It is very difficult for him/her to give the "hard" messages or give constructive feedback to others. When he/she does have to give a negative message to someone, it's always someone else, usually a superior, who has coerced them to do so. They make it a point to let the individual know that it's not their idea.
Do any of these scenarios sound familiar? If so, you are in the presence of a "weak" leader!
What to do about it?
First, to understand the "weak" leader, we need to discuss a little behavioral psychology. A "weak" leader learned this behavior, usually as a child, from some weak authority figure in their life. Since this authority figure, either a parent, guardian or babysitter, seemed to effectively survive by acquiescing to significant others, "getting along by going along", the future "weak" leader learned that it is good not to challenge or speak up to others. This way one stays out of trouble.
As humans, we have a tendency to repeat what works for us. If we see that a certain behavior is getting the results we want, then we keep on doing it.
So, the first step in dealing with a "weak" leader is to help him/her see that they are NOT getting the results they want.
Once the "weak" leader admits that they need to do something differently, the next step is helping them see "HOW".
If you look at the picture above, you'll notice that the "weak" leader is blindfolded. This is the image that weak leaders carry in their heads. They never feel that they have enough information to make a decision - they can't "see" their way clear to take an action. Therefore, they appear to be indecisive and befuddled. The blindfold also symbolizes how the "weak" leader likes to operate - "see nothing, hear nothing, say nothing".
You can also see the drops of sweat falling from the "weak" leader. This person tends to live in fear and, to some degree, is insecure about everything. They quake at the thought of having to "stand up and be counted".
And you have probably noticed the target above the "weak" leader's head. He/she always feels like the prey in the jungle, like there's a target on them. They live in fear of being "found out". Usually, they feel like imposters, that they can't have deserved the promotion they received.
So, what is the "HOW" in this case?
The first step is helping the "weak" leader feel supported. They need to feel that they have someone that they can trust and rely on to "be there" for them. An executive coach, as a third party, outsider to the company, with no hidden agenda, can fill this role.

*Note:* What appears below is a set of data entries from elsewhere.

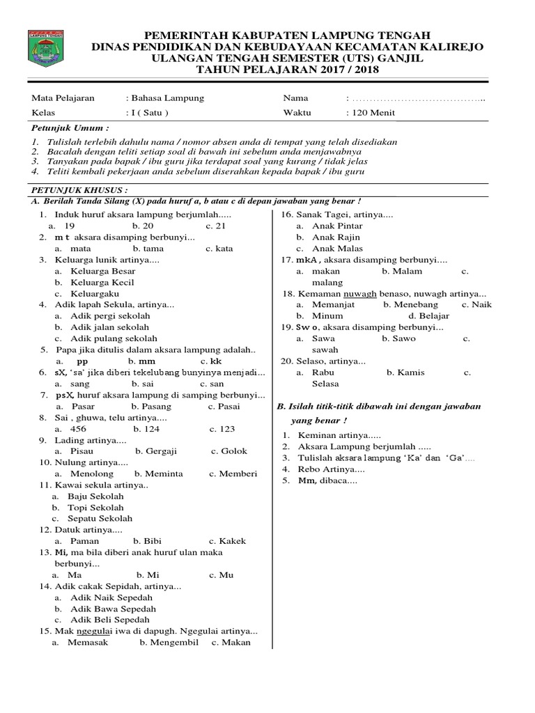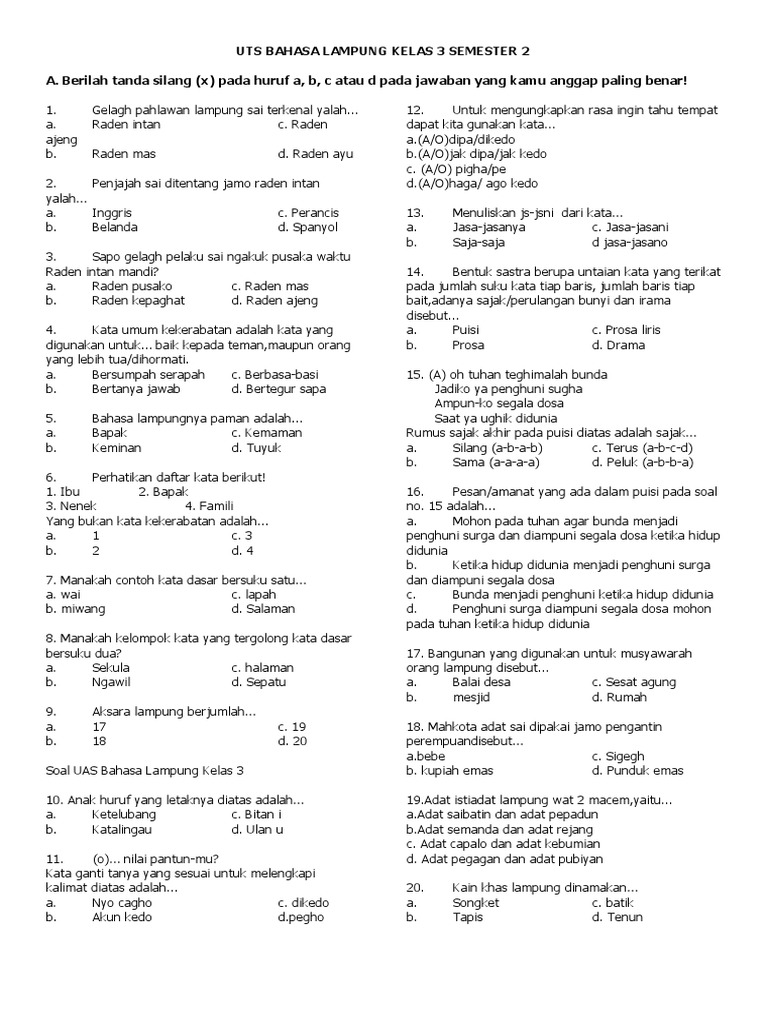 Soal Bahasa Lampung Kelas 8 Semester 1 Dan Kunci Jawaban Guru Galeri from 3.bp.blogspot.com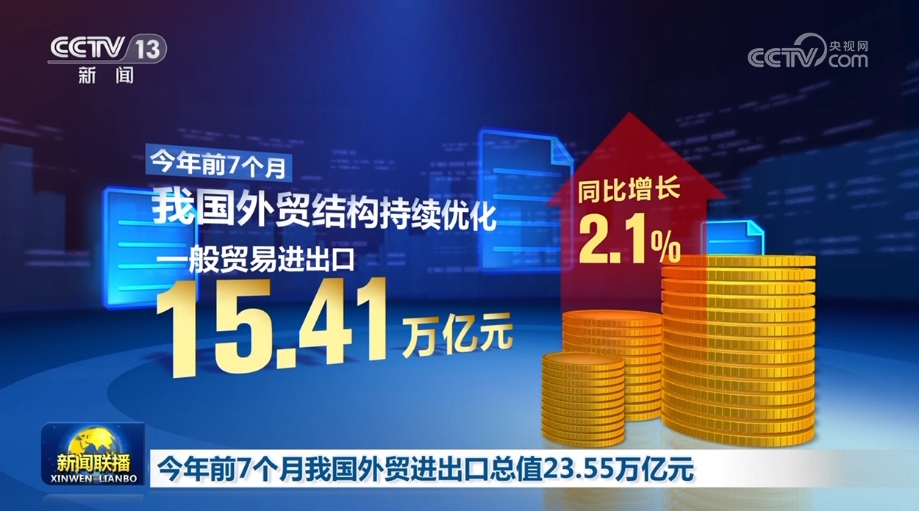 央視網(wǎng)消息(新聞聯(lián)播):海關(guān)總署今天(8月8日)對外公布,今年前7個月,我國貨物貿(mào)易進出口總值23.55萬億元,外貿(mào)運行平穩(wěn)、符合預期。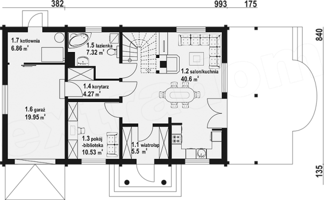 Huset Milicz dw är ett idealiskt förslag för personer med en medelstor tomt. Huset kännetecknas av en enkel konstruktion, så det kommer att se bra ut oavsett omgivningen. Projektet hör till kategorin hus med en nock parallellt med vägen, vilket är viktigt med tanke på de krav som anges i områdesplanen. Projektet har utformats för tomter som gör det möjligt att placera huset som ett fristående hus. I projektet ingår ett enkelt garage i byggnadslinjen. Det är också ett intressant förslag för dem som vill ha ett hus med sadeltak, och det är ekonomiskt och tar inte mycket tid att göra spantramen och dess täckning. Projekt Milicz dw är ett envåningshus med en användbar vind, vilket gör att bostads- och sovutrymmena är tydligt åtskilda.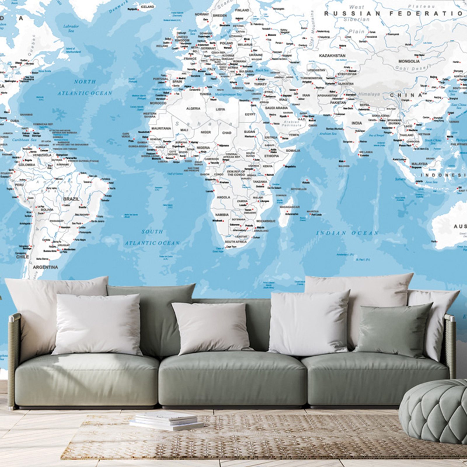 Tapeta moderná mapa sveta v modrom prevedení

The executive coach supports the "weak" leader in the self-discovery process. This is done by conducting 360-degree feedback interviews with a sample of people who have dealings with him/her.

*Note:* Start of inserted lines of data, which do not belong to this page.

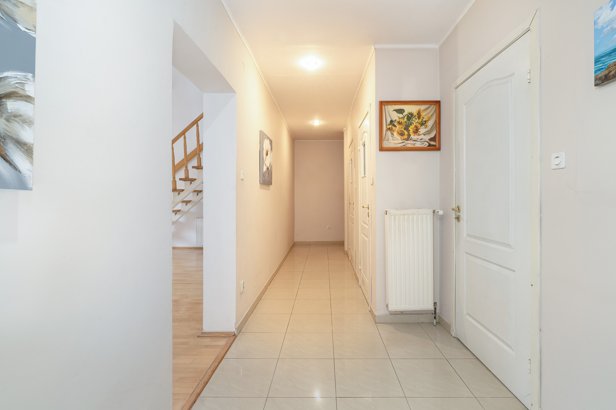 **Na parterze** znajduje się serce domu – imponujący salon o wysokości aż 5,6 metra, który dzięki dużym przeszkleniom wpuszcza do wnętrza mnóstwo naturalnego światła. Bezpośrednie wyjście na taras sprawia, że ogród staje się przedłużeniem strefy wypoczynkowej, idealnej do relaksu, rodzinnych spotkań i cieszenia się zielenią. Przestronna kuchnia z miejscem na dużą jadalnię zaprasza do kulinarnych eksperymentów, a osobne pomieszczenia, takie jak pralnia, kotłownia, czy dodatkowa łazienka i WC, zwiększają komfort codziennego funkcjonowania.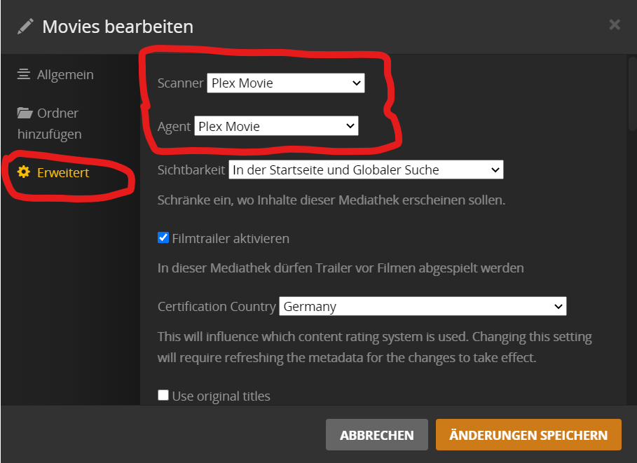 - Welcher Agent wird aufgelistet, wenn du diese Mediathek bearbeitest und auf den ‘Erweitert’ Reiter gehst?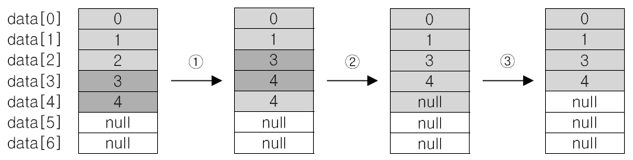 | Object remove(int index) | 지정된 위치(index)에 있는 객체를 삭제하고 삭제된 객체를 반환한다. |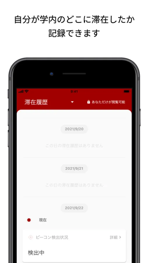 * キャンパスに設置したBluetoothビーコンから発せられる信号を、MOCHA+Rを有効化したスマートフォンが受信することで、キャンパス内での滞在情報が記録されます。

The survey is confidential and conducted by a third party. The "weak" leader is assured that no one else sees the results except the coach and him/her. The whole purpose of the feedback is to help the "weak" leader see what needs to be done and given a motivation to change.
Then, based on the feedback, the coach and "weak" leader design an action plan to change his/her self-defeating behaviors. Usually, a plan is made to help the "weak" leader organize and prioritize his/her activities.
The "weak" leader is also coached in delivering "hard" messages and dealing with conflict. Sometimes, a "weak" leader is advised to change style of dress and adjust posture, being more formal and authoritative.
This process does take months of constant support and positive reinforcement from the coach. After a while, colleagues and other employees begin to see a change in the "weak" leader's manner - he/she appears more confident and self- assured. They begin to treat the "weak" leader with more respect and begin to include him/her more in the decision-making again.
It becomes a win-win for everyone!
The famous futurist (a business theorist), Joel Barker, in his consummate work, LEADERSHIFT, says that a great leader is a "charismatic" leader. The work of the coach, with the "weak" leader, is to create the perception of influence, power, and allure. All of which describe the "charismatic" leader.
It's a known fact that employees and team members "choose" to follow a "charismatic" leader. Would you "choose" to follow a "weak" leader? Would anyone you know willingly "choose" to follow a "weak" leader?
Of course, we wouldn't! So, let's help change the negative way in which they behave. It is possible to do this with integrity, perseverance, positive reinforcement, commitment, and the unbiased support of an executive coach.